VERGARA-FUENTES Un ruidoso rompimiento

El empresario Jorge Vergara escogió un medio internacional –el programa televisivo Univisión Deportes– para anunciar el rompimiento laboral con su esposa, Angélica Fuentes Téllez. Luego se reunió con sus trabajadores y anunció que se iniciaba una nueva era, pero sus críticos, sobre todo quienes están dolidos porque el equipo Chivas no levanta, dudan de sus promesas. Muchos están a la espera de que se confirme su divorcio porque, dicen, detonará una rebatinga en el corporativo Omnilife.

A Jorge Vergara Madrigal, dueño del Grupo Omnilife y del Club Guadalajara, nada le sale bien en lo deportivo. Prueba de ello es que el equipo, adquirido en 2002, hoy atraviesa por el peor momento de su historia.

Para colmo, el jueves 2 el empresario tapatío anunció en el programa TV Univisión Deportes, la principal cadena estadunidense que transmite en español desde Miami, Florida, la destitución de su esposa, Angélica Fuentes Téllez, de la dirección ejecutiva de su empresa de complementos alimenticios y del club deportivo.

Incluso dejó entrever su rompimiento sentimental con ella porque, comentó, es “directamente responsable de todo lo que pasa”, en referencia a las presuntas irregularidades financieras detectadas en el corporativo.
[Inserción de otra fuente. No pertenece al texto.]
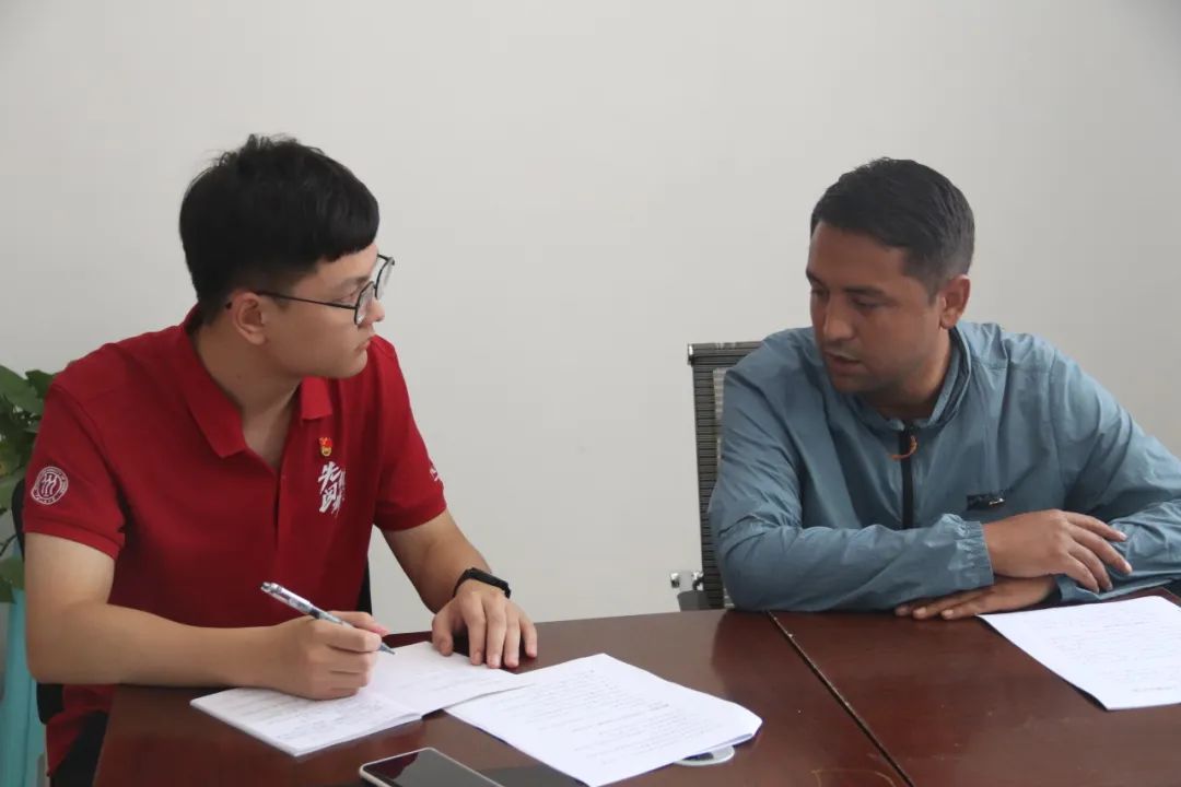 ▲ 博士研究生陈冠锟访谈阿克陶县乡村振兴局党组副书记、局长赵凤楠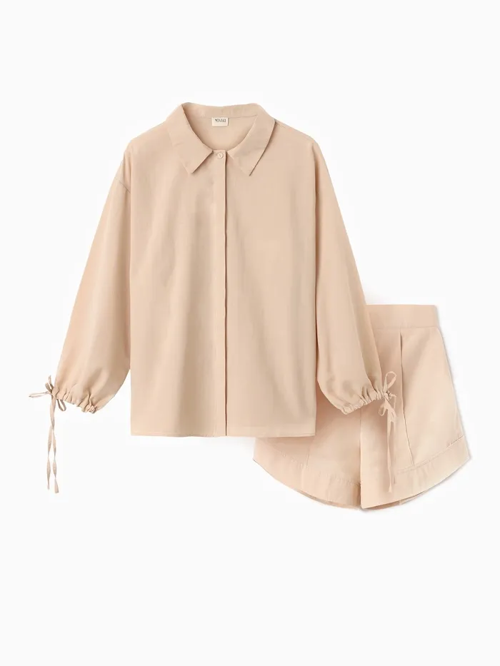 Комплект женский (блузка, шорты) MINAKU: Casual Collection, бежевый, размер 44 — Характеристики
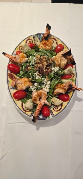 A seafood lover’s dream—tender calamari and shrimp in a marinara sauce.

Fuentes Téllez, de 52 años, fue directora ejecutiva de Omnilife desde 2007 y en 2010 compró 43% de las acciones de la empresa. El año pasado ocupó el puesto número cuatro de las mujeres más poderosas, según el ranking elaborado por la revista Expansión. Cuando asumió las riendas de la empresa, ella se hizo notar por el despido de 600 empleados, 13% de la plantilla, y redujo 20% los costos.

Vergara habló también de una investigación por un presunto fraude en la empresa: “En eso estamos en este momento, en el descubrimiento de todos los asuntos irregulares que hay, porque son varias vertientes; estamos investigando. Tendré información más clara en un par de días. Desgraciadamente tengo que admitir que estaba un poquito ciego y no me di cuenta de lo que estaba sucediendo” .

El miércoles 8, Vergara puso al frente de la empresa a José Luis Higuera Barberi.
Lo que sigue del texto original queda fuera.